For more discussion on the theory of piercing the corporate veil in Missouri, please review our Jan. 16, 2006, blog article titled “Piercing the ‘Veil’ of a Company’s ‘Limited Liability’ or Looking Through the Entity to Hold Owners Liable for a Company’s Debts.”

In addition to piercing the corporate veil, a member of an LLC will be personally liable if, among other things, he/she personally injures someone on the LLC’s premises, personally guarantees a loan or other business debt that the company is unable to pay off, or undertakes some type of intentional act that is fraudulent, illegal or reckless.

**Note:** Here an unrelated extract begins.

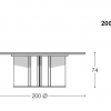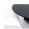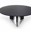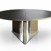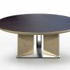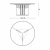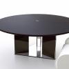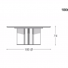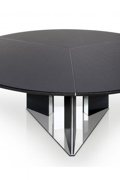 The round tabletop is 30mm thick with a subtle 4mm upholstered cover in Techno Leather divided in 3 pieces and edged with 10mm straight angle and 45º bevel on bottom surface.

Importantly, while a member of an LLC will be held personally liable for the company’s debts under the appropriate circumstances, the reverse is also true. Sometimes, a member’s personal liabilities will allow a creditor to attack the member’s interest in the LLC. For instance, in Missouri, if a creditor obtains a judgment against a member of an LLC, the creditor will become what is known as a judgment creditor. At that point, the creditor can ask the court for a “charging order,” which allows the judgment creditor to enforce the judgment by charging the individual member’s distributional interest with the unsatisfied amount of a judgment. A charging order is highly effective, as it requires the LLC to pay over to the judgment creditor any distribution that would otherwise be paid to the LLC member.